Hans Holbein the elder (c.1460-c.1524), The Virgin as the Mother of Sorrows, 1495, o/panel, 66.9 x 47.6 cm., and detail of Latin inscription : ‘I am the mother of beautiful love and fear, and of knowledge and holy hope. In me is all grace of the way and of truth; in me is all hope of life and virtue. Come to me, all you who desire me, and you will be filled with my creations. 1495’, Gemäldegalerie, Berlin

Hans Memling (c.1433-94), Portrait of a woman, 1480, 38 x 26.5 cm., in rainsill frame with trompe l’oeil banner scrolling from the sitter’s fingers, and inscribed in Latin: ‘Behold, you, beast, will be crushed [and] the Lord will be born on the earth and the womb of the Virgin will be the salvation of the nations; the invisible word will become tangible’, Sint-Janshospitaal, Bruges

A striking feature of frames from the mediaeval period is the ‘rainsill’, a relic from architecture in which the lower side of the frame is canted like a windowsill – an obvious association with a view to the divine heavens. The rainsill is found on altarpiece frames or portraits of saints from the early mediaeval period until the Renaissance, and served as an ideal surface for inscriptions below the picture.

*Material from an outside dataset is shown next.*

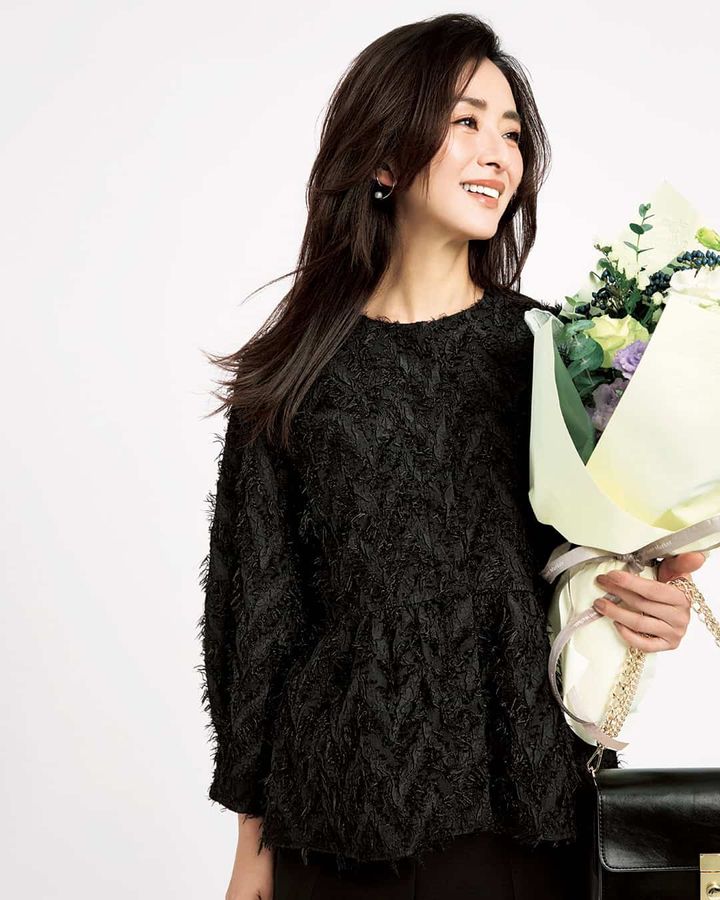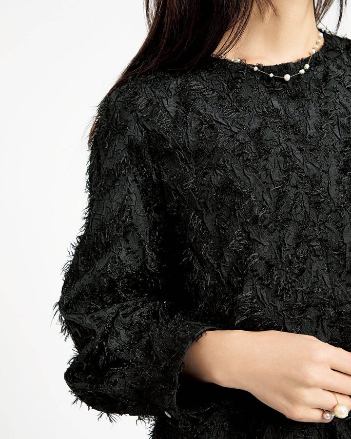 程よいペプラムと毛足の長いジャカード素材で華やかさと高級感が溢れるブラウス。フロントボタンで開閉できるので、着脱もしやすく、九分袖が洗練された印象へと導きます。自宅での洗濯も可能。

The Renaissance saw the transition from the mediaeval to the modern period. It was characterized by influences from Greek and Roman antiquity and by flourishing scientific inquiry. Picture frames were carved with columns, architraves, and cornices or pediments imitating those of antiquity; they increasingly attained a position of their own, but at the same time continued to support and emphasise the paintings which they contained.

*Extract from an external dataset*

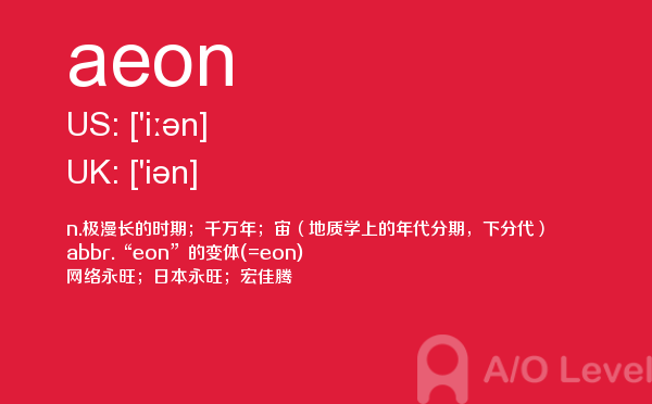 英国a-level学校,从教学质量上来看私立学校更占优势,大部分中国留学生也选择私立学校来读,不过一般都是提前一年来申请学校。中国目前也有20几所a-level学校,每年也同样有走进剑桥牛津等世界顶级大学的学生。所以在国外和在国内都可以选择a-level学校来学习。在前面关于a-level选校的问题已经详细介绍过,那么今天a/o-level考试网小编主要想介绍的是a-level重难点词汇aeon。希望对大家有帮助。如果您想了解alevel物理考a难吗,alevel时间,alevel零基础,alevel课程等关于a-level考试的相关资讯,请继续浏览并关注课窝a/o-level考试网。

Andrea Mantegna (c.1431-1506), Madonna & Child (Simon Madonna), c.1455-60, size/canvas, 48.4 x 32.2 cm., frame not original, Gemäldegalerie, Berlin

An early form of Renaissance frame, the tabernacle or aedicule, was inspired by architecture; it very often framed the motif of the Madonna and Child and was inscribed ‘Ave Maria Gratia’ or ‘Ave Maria Gratia Plena’ (from the opening of the ‘Hail Mary’), amongst other phrases.

Neroccio de’ Landi (1447-1500), Madonna & Child with saints, with The dead Christ above, c.1490, Metropolitan Museum of Art, New York. Photo: Sailko

Botticelli (1445-1510), Madonna & Child, c.1469-70, panel, 120 x 65 cm., Galleria degli Uffizi

The inscriptions are reminiscent of those from monumental architecture, in Capitalis Monumentalis script. The letters, written only in capitals, were placed either in the entablature above the picture or on the base below. Most of the inscriptions appear in sgraffito, in gold revealed through a polychrome painted surface.

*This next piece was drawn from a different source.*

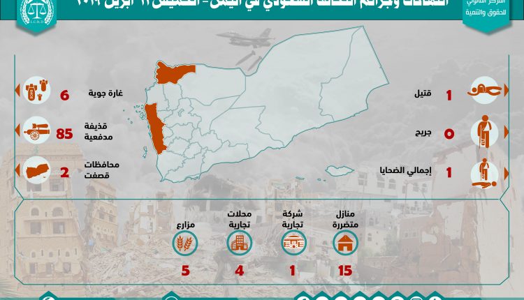إحصائية أولية لإنتهاكات التحالف السعودي في اليمن 11 أبريل 2019
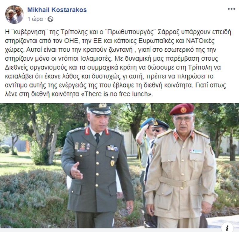 Γράφει ο Στρατηγός Κωσταράκος: «Η ‘κυβέρνηση’ της Τρίπολοης και ο ‘πρωθυπουργός’ Σάρραζ υπάρχουν επειδή στηρίζονται από τον ΟΗΕ, την ΕΕ και κάποιες Ευρωπαϊκές και ΝΑΤΟικές χώρες. Αυτοί είναι που την κρατούν ζωντανή, γιατί στο εσωτερικό της την στηρίζουν μόνο οι ντόπιοι Ισλαμιστές. Με δυναμική μας παρέμβαση στους Διεθνείς οργανισμούς και τα συμμαχικά κράτη να δώσουμε στη Τρίπολη να καταλάβει ότι έκανε λάθος και δυστυχώς γι αυτή, πρέπει να πληρώσει το αντίτιμο αυτής της ενέργειάς της που έβλαψε τη διεθνή κοινότητα. Γιατί όπως λένε στη διεθνή κοινότητα «There is no free lunch»».

During the 15th century, there was an ever-increasing focus on the construction and decoration of frames. The exploration of perspective, proportions, man and nature was reflected
in both the paintings and frames. Humanism in particular gave rise to new pictorial content and techniques. The historic collaboration between framemakers and painters continued: an increasing number of workshops specialising in the craft of framing emerged from the guilds of carpenters, joiners, sculptors, turners and gilders.

Carlo Braccesco (fl. 1478-1501), Triptych of the Annunciation, 1490-1500, central panel 158 x 107 cm., part of a polyptych from a church in (?)Genoa, Musée du Louvre. Photo: Mbzt

Italian and Spanish inscribed frames in cassetta form show the new influences of the time. In order to direct the perspective even more strongly towards the pictorial surface, the profile of the frame was constructed with a higher moulding on the outer (top) edge, decreasing visually to a lower moulding at the sight. These mouldings framed a flat surface (the frieze), which was finished with coloured paint, gold or silver leaf, and decorated with complex ornaments and inscriptions in sgraffito, mordant gilding or a different colour; the frieze might often have additional decoration in punchwork.

Carlo Braccesco, Triptych of the Annunciation, details of inscription from the frame of the central panel: ‘Ecce ancilla Domini. Fiat mihi secundum verbum tuum (‘Behold the handmaid of the Lord. Be it done unto me according to Thy word’), from the Hail Mary

The inscriptions were very decorative, colourful and substantial in text. In terms of content, they featured prayers (above, from the Hail Mary), liturgical and biblical texts which, although still predominantly in the typographical tradition of Capitalis, already displayed clear stylistic elements of the finely drawn letters of Venetian Renaissance Antiqua. They derived their character from the serifs and the contrast between bold and fine scripts. Mixing characteristics from monumental script and handwriting was typical of the period. Ligatures, for example, have a long tradition in handwritten texts. Here they were particularly useful in order to utilize fully the available space on frame mouldings. Capital letters were sometimes pre-scored into the gilding in order to distribute the letters evenly around the frame.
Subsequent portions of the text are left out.